We simply calculate how long it would take for the inducers to penetrate the cell membrane and enter the cell. We intercept the cell membrane per unit area(1 square micron). Take a square inside and outside the cell membrane, each with a volume of one cubic micron, named cube A and cube B. Without loss of generality, we take the thickness of the cell membrane to be seven nanometers. Our estimation model is built based on the unit geometry. By calculating the diffusion time in cubes, we can roughly estimate the total time by linear superposition. By matching with wet lab, we obtain an average concentration of inducers, which is about 6E-7 mol/L. The diffusion coefficient of molecules inside and outside the cell (in cube A and cube B) is set to 1E-9, while the one in the cell membrane is set to 1E-12. Before estimation, we state some assumptions as follows.

a. The flux at the upper bound of cube A is considered to be a constant value.

b. The lower bound of cube B is considered an open border.

c. The left and right boundaries are regarded flux-free because they can be seen as canceling each other out.

d. The diffusion process is uniform and there will be no sudden increase in concentration.

e. The process of molecular diffusion is uniform and continuous

f. The process of molecules passing through the cell membrane is considered free diffusion.

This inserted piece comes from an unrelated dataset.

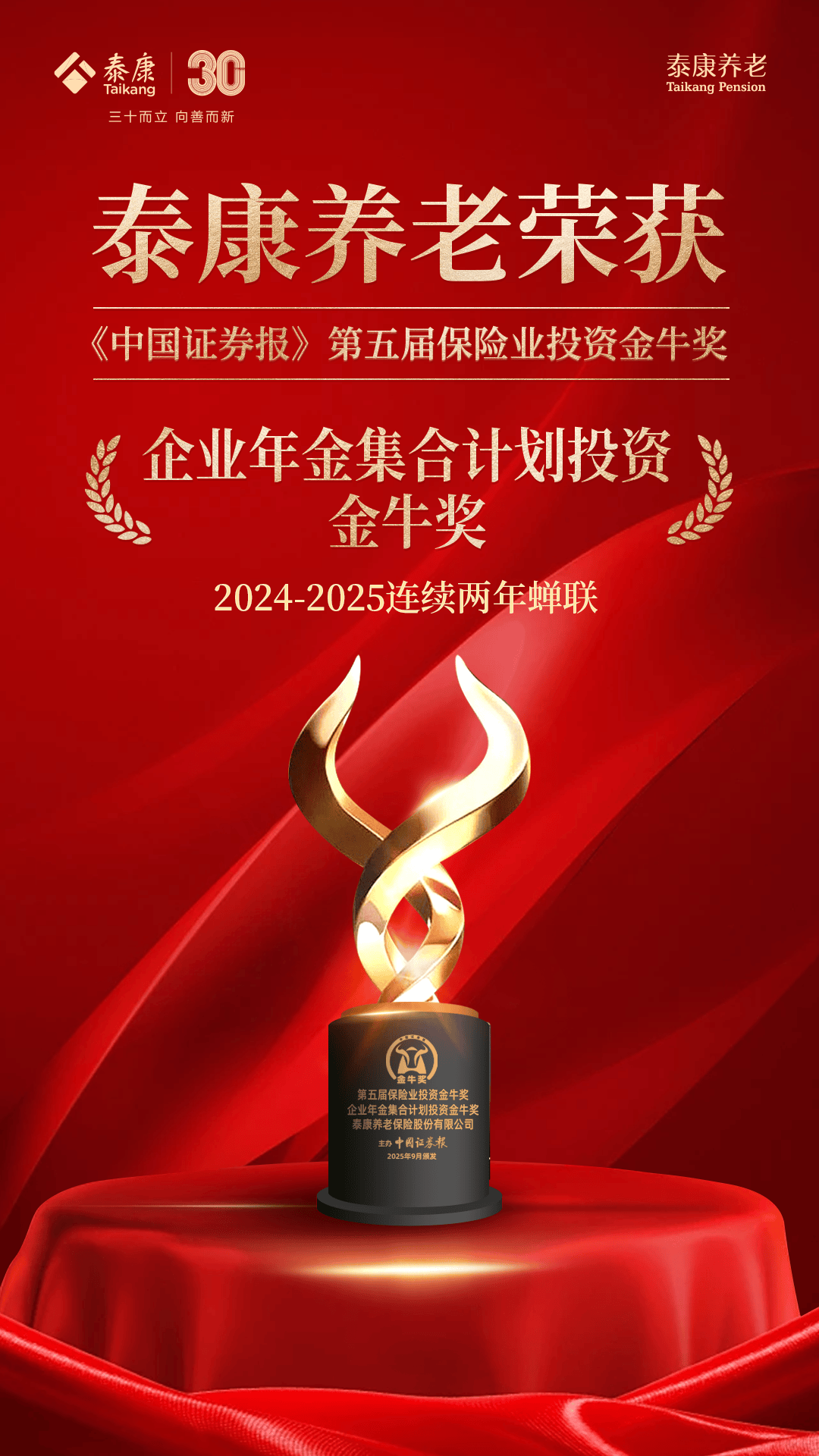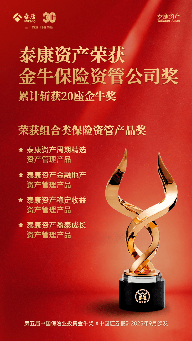 在《中国证券报》主办的第五届保险业投资金牛奖评选中,泰康资产荣获金牛保险资管公司奖;旗下泰康资产周期精选资产管理产品、泰康资产金融地产资产管理产品、泰康资产稳定收益资产管理产品、泰康资产盈泰成长资产管理产品荣获组合类保险资管产品奖。

Comsol is used to simulate the diffusion process.

Agarose gel electrophoresis of extended PCR fragment
Figure 21: diffusion of inducers

 

The process takes about 0.01s. The volume of the system is at the microliter level. So we roughly calculate that the total time of diffusion of inducers can be ignored.

Output

The processes involved are expressions of LuxI and LuxR, formation of a complex of LuxR's protein and AHL, and expression of GFP. To simplify our estimation without loss of rationality, we follow the assumptions stated in the Logic AND Gate part in predictions of productivity. Especially, rates of the expression processes involved are regarded as linear variables in our assumptions. We enter the mathematical derivation and values of parameters in the Logic AND Gate part into Simbiology and estimate the time taken for output. The graph Simbiology predicts and draws is as follows (Figure 22).

Agarose gel electrophoresis of extended PCR fragment
Figure 22: Time estimation of output

According to the value of the dependent variable in the graph, we estimate that the process takes almost 60 seconds.

Conclusion

By matching with wet lab, we know that the complete experiment takes several hours. Based on our estimation of time, we speculate that Register&Patch is the most time-consuming part. We hope that by extensive research and study, we can find an approximation algorithm with error multiple controlled at a constant level to appropriately predict the time and find ways of reducing wasted time to optimize our biological circuits.